Specifically, I call it the "Root Beer Float1 Conundrum".
Before we get to a really difficult example, let's examine one that at least has many solutions: hot dogs. Now, it's possible there's no conundrum here at all. Some hot dog makers actually package their dogs in packs of eight. And most bun-makers package their buns in packs of eight. No problem. But what if you like Hebrew National brand? They come in packs of seven! Now I can understand this from a religious point of view, but really? No one packages buns in groups of seven. What's a poor hot-dog-eater to do? You've got to buy eight packages of hot dogs and seven packages of buns just to come out even! Unless you're in a contest, even a large Mormon family couldn't eat that many hot dogs before they expire!
So what do you do if you happen to like hot dogs that are only packaged in sevens or tens? It's not really the kind of thing you can offer to your neighbor: Knock, knock. "Oh, hi, Liz," neighbor says. "Um, hey, would you like two hot dogs?" I ask, holding up a ZiplocĀ® brand storage bag containing two franks. People would start to talk! Still, there are a few options: you could feed them to the dogs (or the cat); you could buy a can of crescent rolls and make two pigs in blankets (that there are extra rolls doesn't matter; unlike buns, crescent rolls are good without the hot dog inside); you could buy a can of beans, chop up the dogs and have franks and beans (you could do this with Spaghetti-Os too); you could feed the extra bun to the birds. So you see, while it's still something of a challenge to balance franks and buns, it's not impossible.

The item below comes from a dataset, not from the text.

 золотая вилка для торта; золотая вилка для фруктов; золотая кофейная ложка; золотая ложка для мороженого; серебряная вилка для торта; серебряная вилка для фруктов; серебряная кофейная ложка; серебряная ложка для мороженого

Let's look at a slightly more difficult balancing act: cereal and milk. Unlike hot dogs and buns, which have a one-to-one relationship, cereal and milk aren't so easy to match up. How many boxes of cereal go with one gallon of milk? The reason that question is so hard to answer is that there are so many more variables. Let's look at a few. First, there are matters of preference, like whether you like to fill the bowl to almost overflowing, put the box away, and then go eat. If you do this, I guarantee you'll be out of balance, with lots of milk left over. (Also, you'll probably make a mess and have the person who has to clean up your messes angry at you. If you cleaned up your own messes, you wouldn't eat cereal like that, so don't try to convince me no one's going to get mad at you.) At the other end of the spectrum are those who measure out a fixed amount of milk and take the box with them, adding more cereal as they run low until they run out of milk. These people only have to worry about which runs out first, the box of cereal or the jug of milk.

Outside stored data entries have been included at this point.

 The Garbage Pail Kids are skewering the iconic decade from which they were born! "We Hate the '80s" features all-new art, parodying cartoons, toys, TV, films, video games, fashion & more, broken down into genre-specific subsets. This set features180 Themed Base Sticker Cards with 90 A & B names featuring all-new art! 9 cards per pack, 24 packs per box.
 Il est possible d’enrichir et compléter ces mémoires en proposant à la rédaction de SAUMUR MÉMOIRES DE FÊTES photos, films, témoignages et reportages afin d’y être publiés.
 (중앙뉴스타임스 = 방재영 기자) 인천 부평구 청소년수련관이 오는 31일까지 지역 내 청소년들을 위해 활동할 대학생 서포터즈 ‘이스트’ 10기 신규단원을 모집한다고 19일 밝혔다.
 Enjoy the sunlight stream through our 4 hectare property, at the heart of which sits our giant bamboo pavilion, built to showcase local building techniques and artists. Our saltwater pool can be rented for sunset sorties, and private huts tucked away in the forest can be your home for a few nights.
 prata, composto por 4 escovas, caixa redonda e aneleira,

Next there's the question of your spoon-loading technique. Do you pile it high? Do you drain some of the milk out before you raise the spoon to your mouth? Or do you like a few bits of cereal floating in a spoonful of milk? Closely related to this is the size and shape of your spoon. A spoon with a deep bowl will hold more milk than one that's closer to a fat, dented butter knife. The absorbency of your favorite cereal comes into play as well. And, of course, there's the question of whether you like to drink the left-over milk (or feed it to the closest pet). With all these variables, it's pretty much impossible to strike a balance between a box of cereal and a jug of milk. This conundrum is not, however, as serious a problem for most people as it could be, because they buy milk and cereal pretty much every week. This means that every now and then, the perpetual imbalance balances out. The rest of the time, we just don't worry about it, because we'll be getting more next week.

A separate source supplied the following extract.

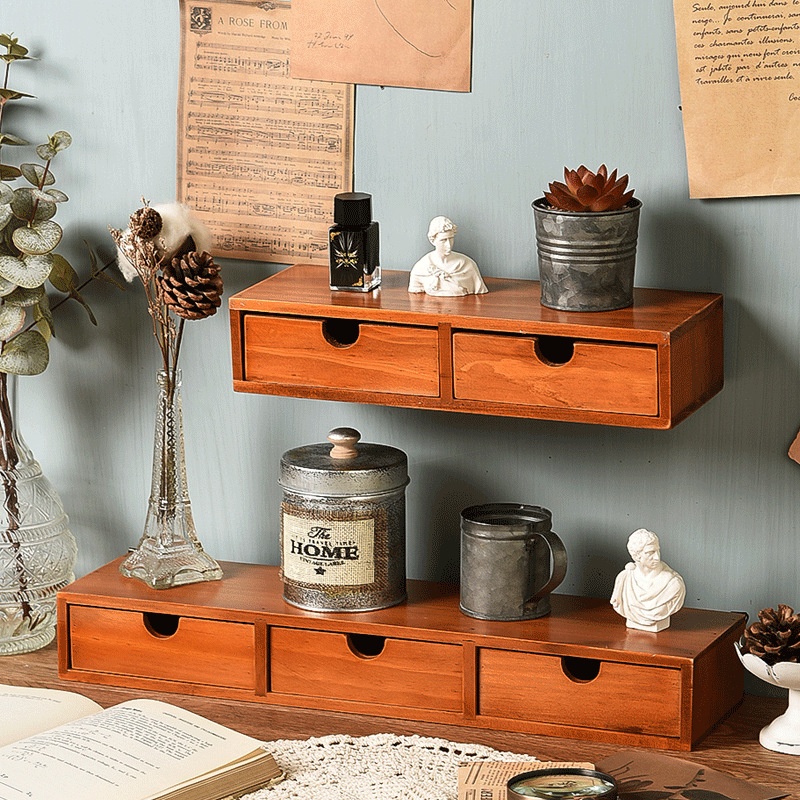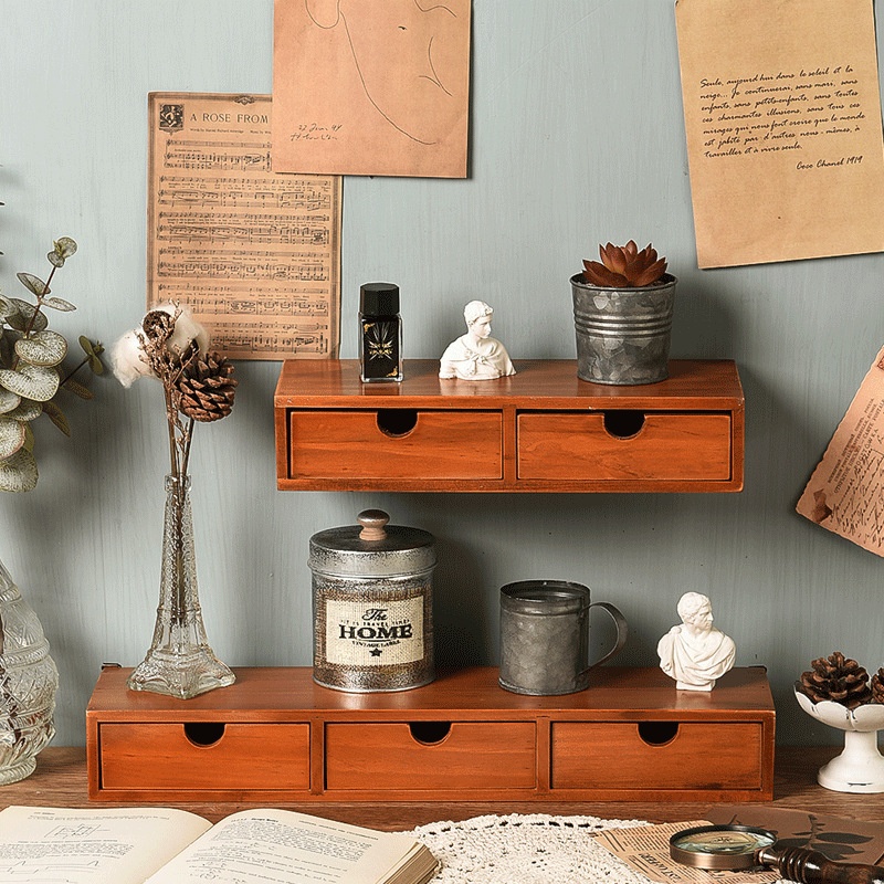Retro Creative Desktop Wall Storage Office Sundries Multi-layer Storage Cabinet Zakka Wooden Jewelry Storage Cabinet

Which brings us to the most difficult example of the "Root Beer Float Conundrum": the root beer float. The balance between root beer and ice cream is not only difficult to accomplish, but fraught with temptations and dire consequences. The underlying issue is, of course, how do you make sure you run out of ice cream and root beer at the same time? (And this problem scales from small to large, from the float in your hand, to the root beer in the fridge and ice cream in the freezer, right up to whether the store runs out of your favorite of one before the other.) This balancing act includes variables not unlike those in the cereal-and-milk challenge. Do you add ice cream to your root beer, or root beer to your ice cream? Do you keep adding more ice cream, or drink what's left of the root beer? Do you like to fill your spoon with lots of ice cream with a small amount of slushy root beer clinging to it? Or do you prefer to float a bit of ice cream in your spoonful of root beer. These are all problems we've seen before. But the root beer float presents greater challenges...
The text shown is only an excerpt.